Monday, 2 June 2014

Lord Saatchi's Little Helper?



One of the final items on this morning's Today was a discussion of Lord Saatchi's Medical Innovations Bill, which will be presented in the House of Lords this Thursday. 

If passed the bill would allow doctors to experiment with innovative new techniques or drugs on dying patients without the fear of prosecution. It would only happen when all else has failed and when the patients are nearing the end of their life.

If you want to read the case for the bill then there's a piece by Dominic Nutt, the director of communications for the Medical Innovation Bill, in the Telegraph

That paper also reports that the results of a public consultation have revealed overwhelming public and professional support for the bill. 

In fact, were in not for the deeply hostile comments below the line at the Telegraph, you might assume from that paper's reporting that hardly anyone other than public liability lawyers oppose it.  

That doesn't appear to be true though.

If you Google around, you find that there are quite a lot of people opposed to this bill, not just public liability lawyers, and if you want to read  the case against the bill then there's a piece by NHS manager David Hills in the Guardian which puts the other side of the argument.

[Correction: David Hills is now an IT manager, having left the NHS some years ago]. 

Mr Hills also argues against the claims made by the bill's supporters about the level of support there is for its enactment:
The Saatchi bill, driven by a slick social media campaign and its own Twitter account, has been touted as the means by which we will find a cure for cancer, as well other currently incurable diseases. It is claimed to have wide support across the medical profession and patient groups. Unfortunately, evidence shows otherwise, and the pro-Saatchi campaign has been marred by frequent and repeated accusations regarding lack of openness or honesty, either about the campaign and its support, or the real effect this bill would have if passed into law.
I only know all this because I've been checking the story out ever since Evan Davis interviewed a supporter of the Medical Innovations Bill at around 8.52 am. 


The supporter on Today, Professor Sir Michael Rawlins, made the case in favour of the bill so plausibly that I wanted to hear the other side to see what their counter-argument could possibly be to it, and then - having heard both sides - make up my own mind. That opportunity was not granted by Today.

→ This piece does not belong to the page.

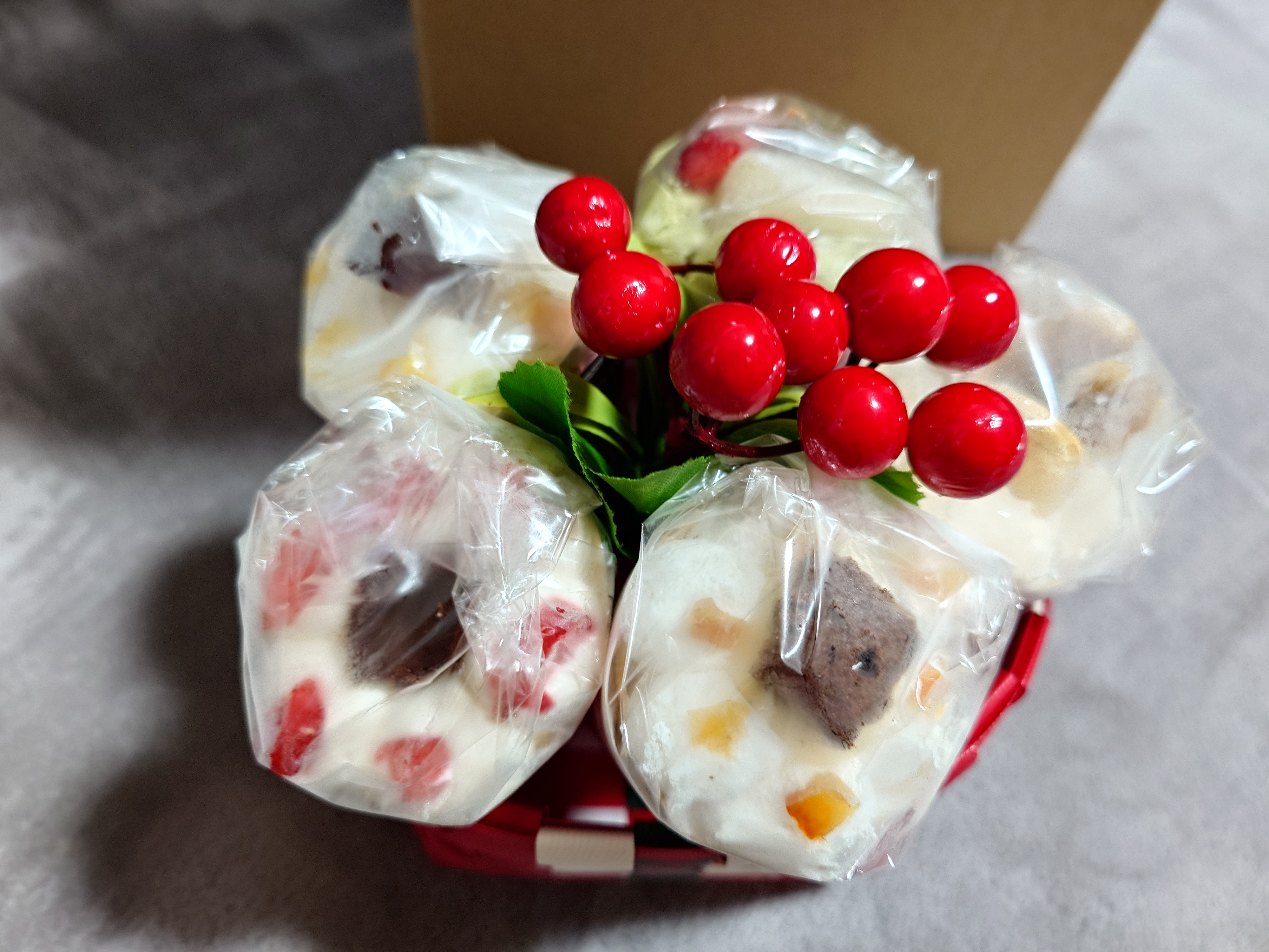 カラフルなカゴに造花まで添えられてあり、幸せな気分になりました。
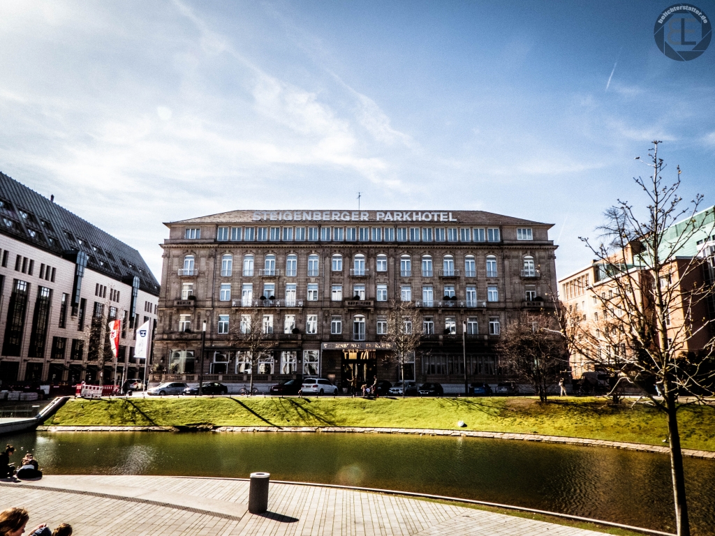 Für das Wochenende war sommerliches Wetter vorhergesagt und ich hatte in der nordrhein-westfälischen Hauptstadt u. a. noch drei RAF-Spots, die ich für meine Homepage http://www.wo-war-das.de fotografieren wollte. Also nutzte ich die Gunst der Stunde und fuhr mit dem IC für 13 Euro nach Düsseldorf. Nachdem ich am Hauptbahnhof angekommen war, ging ich zunächst zum “Hotel Nikko”, wo 1987 der Film “Die Katze” mit Götz George, Heinz Hoenig und Gudrun Landgrebe gedreht wurde.

Plus - and this is what really drove me to check it out further - I was taken aback by Evan Davis' complete lack of impartiality during the discussion.

Most of his questions were put from a standpoint that strongly supported the bill (and, if anything, went even further in support of such experimentation than the bill itself), thus reinforcing his guest's argument - which isn't how it should be at all - ...
It surely is the case that we would learn things that would be useful to other patients and people, you know, when their life has all but been taken from them by unfortunate disease, might feel that that is part of why they would like to have experimental treatment?
...and then, even worse, Evan asked about Sir Michael about the opponents of the bill in an incredulous tone - a tone that implied that no one in their right mind could oppose such a sane and sensible measure:
Tell me this. Why is it so controversial? Because you're looking after the patient, you're having a go with things that might help them. Just what is the reason [laughing] why people don't...What are the reservations? 
That's not something I'm imagining, by the way. That tone was definitely there, and it's completely inappropriate from an 'impartial' broadcaster. And the question itself was so loaded against those opponents' point of view as to be a mockery of an 'impartial' question. Unsurprisingly, Sir Michael was very dismissive of their concerns.